Quand on enlève les lunettes, le cerveau se sera habitué
à cette nouvelle perception », témoigne le Pr Rossetti.
Ne pas se
souvenir de tout permet
également de retenir
l’essentiel.
Cette technique est notamment utilisée avec
des patients atteints d’héminégligence (30 000 cas
par an en France). Suite à un AVC, ils
« ignorent » la moitié du monde :
« Le cerveau n’interprète généralement
pas les informations venant de la gauche. »
Si on demande, par exemple, à ces personnes de
dessiner un autoportrait, elles omettent le côté
gauche. Avec cette technique des lunettes prismatiques,
on force le cerveau à compenser, à aller de
lui-même plus vers la gauche, et il se réorganise en
fonction.
« J’ai des patients qui redeviennent ainsi
capables de voir du côté gauche. Ils vont par exemple
réussir à manger leur assiette en entier », s’enthousiasme
Yves Rossetti, qui souligne la simplicité du
dispositif. Autre piste thérapeutique : le Pr Rossetti
obtient une diminution significative des douleurs
fantômes chez les patients amputés, grâce à un
miroir placé au bon endroit. Ce dernier crée l’illusion
visuelle d’avoir
« retrouvé » le membre amputé
en renvoyant l’image de l’autre membre (bras,
jambe...) ; la personne peut donc en quelque sorte
le masser et obtenir un effet de relaxation.
Des erreurs intelligentes
Ce sont ainsi les erreurs, les imprécisions, qui
rendent notre cerveau
« supérieur à n’importe quel
ordinateur », dixit Henning Beck, qui livre un
plaidoyer pour Les erreurs de notre cerveau : un
super-pouvoir. Selon ce neuroscientifique, ce
sont elles qui nous permettent de nous réinventer.

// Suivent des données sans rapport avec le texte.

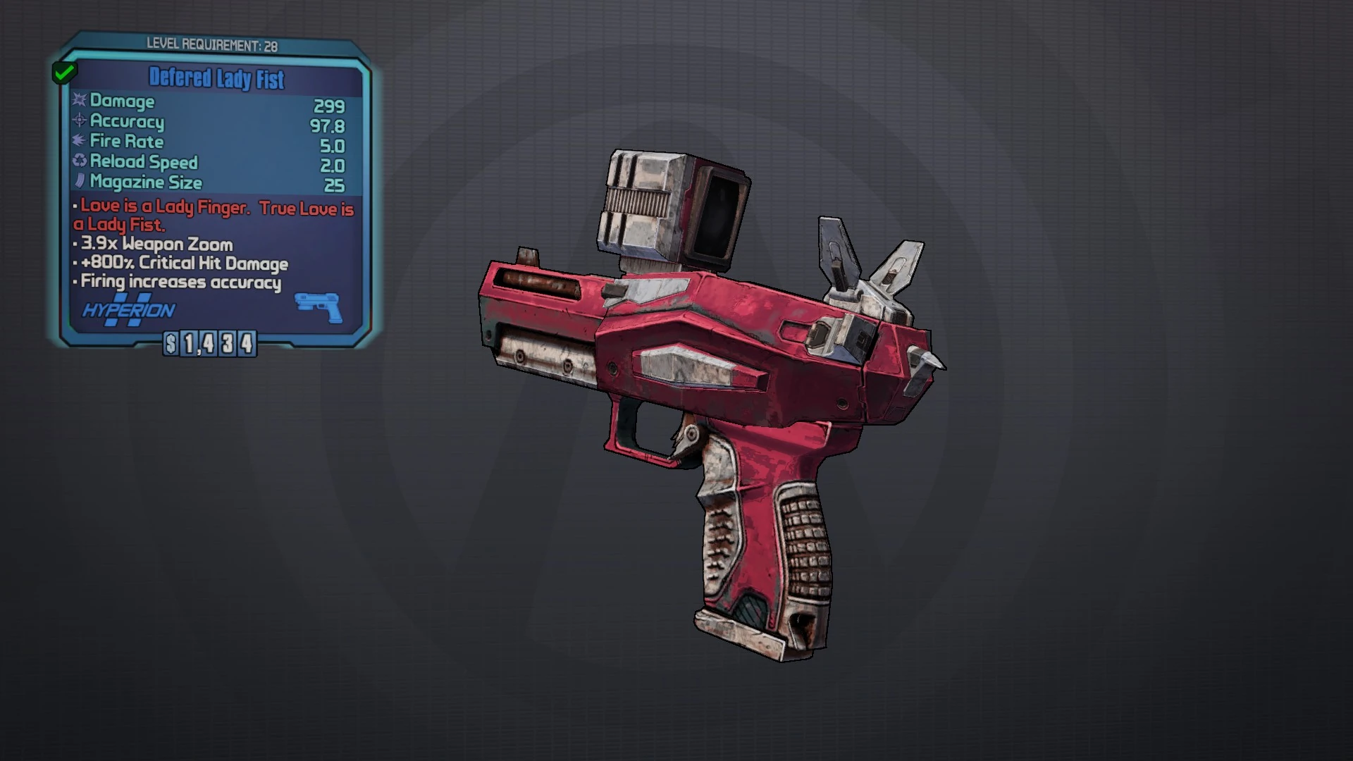 Sustained fire increases Hyperion weapons accuracy. Damage is Win-Win but a lot of people prefer Dynamic as too it is good. Reward for mailing blueprints to Una Baha in the quest Uncle Teddy Amplified Lady Fist is a rare pistol in Borderlands 2 It is the Una reward for the mission Uncle Teddy Note. Sustained fire increases Hyperion weapons accuracy. Hi just wondering which lady fist I should get for a gunzerker and a siren prefix. You can get 2 Lady Fists per run if you use a split screen mule. Love is a Lady Finger.

« Notre cerveau prétendument défaillant utilise les erreurs
pour mieux se sortir de toutes sortes de situations
sociales, développer de nouvelles idées et générer du
savoir. » Dans son ouvrage, Henning Beck nous
fait la démonstration que c’est dans ces errements
et cette déconcentration que réside le pouvoir de
notre intellect. Il est primordial, par exemple, de
ne pas retenir les noms du premier coup si nous
voulons construire des souvenirs dynamiques. Ne
pas se souvenir de tout permet également de retenir
l’essentiel. Et se laisser distraire facilement a
du bon quand il s’agit de penser de façon créative.
Faute de quoi, nous serions prisonniers d’une mémoire
statique. Tout le contraire de notre cerveau,
super plastique !
« Toutes nos faiblesses cérébrales sont
en réalité les armes secrètes de notre cerveau », conclut
Henning Beck. C’est ce qui nous rend imparfaits,
mais uniques ! Le progrès est à ce prix.